SAMPLE & SETTING: 327 children receiving treatment for acute lymphoblastic leukemia from four pediatric oncology programs across the United States.

METHODS & VARIABLES: Participants completed fatigue, sleep disturbance, pain, nausea, and depression symptom questionnaires at four time points; these symptoms comprised the CCSC-L. HRQOL was measured at the start of postinduction therapy and then at the start of maintenance therapy. Relationships between the CCSC-L and HRQOL scores were examined with longitudinal parallel-process modeling.

RESULTS

The mean HRQOL significantly increased over time (p < 0.001).

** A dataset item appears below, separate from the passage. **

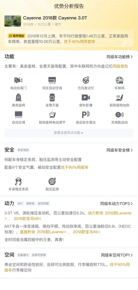 我们先快速了解一下这辆Cayenne的基础信息,它在2018年12月在南宁上牌,至今行驶了10万公里,有2次过户记录。这个行驶里程说明这辆Cayenne的使用频率还是挺高的,不过对于这种豪华车型来说,这个里程数并不算离谱。过户记录方面,2次过户算是正常情况,只要车辆本身没有因此产生过多的折旧或者出现过重大事故,通常都不会对车辆的价值产生太大影响。报价方面,目前这辆Cayenne的价格设定在33.98万,相对于其新车指导价89.5万来说,已经是有相当大的优惠了。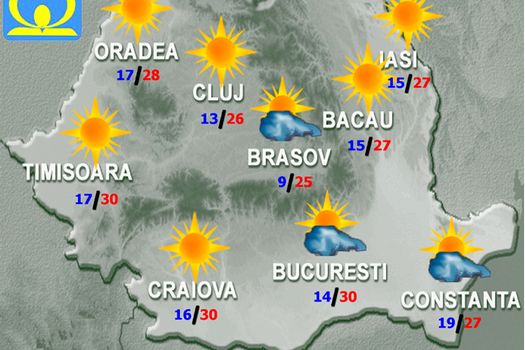 Temperaturile maxime se vor încadra între 24 de grade în depresiuni şi 32 de grade în sudul Olteniei, iar cele minime vor fi cuprinse între 9 şi 19 grade, mai scăzute în depresiuni până la 2 grade. Dimineaţa şi noaptea, izolat, va fi ceaţă.

The CCSC-L had a significant negative association with HRQOL scores at the start of postinduction therapy (beta = -0.53, p < 0.005) and the start of maintenance therapy (beta = -0.33, p < 0.015). Participants with more severe symptoms in the CCSC-L over time had significantly lower HRQOL at the start of maintenance therapy (beta = -0.42, p < 0.005).

IMPLICATIONS FOR NURSING

Nurses are pivotal in providing management strategies to minimize symptom severity that may improve HRQOL.

摘要

目的

探讨儿童癌症症状群 - 白血病(CCSC - L)与健康相关生活质量(HRQOL)之间的关系。

样本与背景

来自美国四个儿科肿瘤项目的327名接受急性淋巴细胞白血病治疗的儿童。

方法与变量

参与者在四个时间点完成疲劳、睡眠障碍、疼痛、恶心和抑郁症状问卷;这些症状构成了CCSC - L。在诱导治疗后开始时以及维持治疗开始时测量HRQOL。使用纵向平行过程模型研究CCSC - L与HRQOL得分之间的关系。

结果

HRQOL的平均值随时间显著增加(p < 0.001)。CCSC - L在诱导治疗后开始时(β = -0.53,p < 0.005)和维持治疗开始时(β = -0.33,p < 0.015)与HRQOL得分存在显著负相关。随着时间推移,CCSC - L中症状更严重的参与者在维持治疗开始时的HRQOL显著更低(β = -0.42,p < 0.005)。

对护理的启示

护士在提供管理策略以最小化可能改善HRQOL的症状严重程度方面起着关键作用。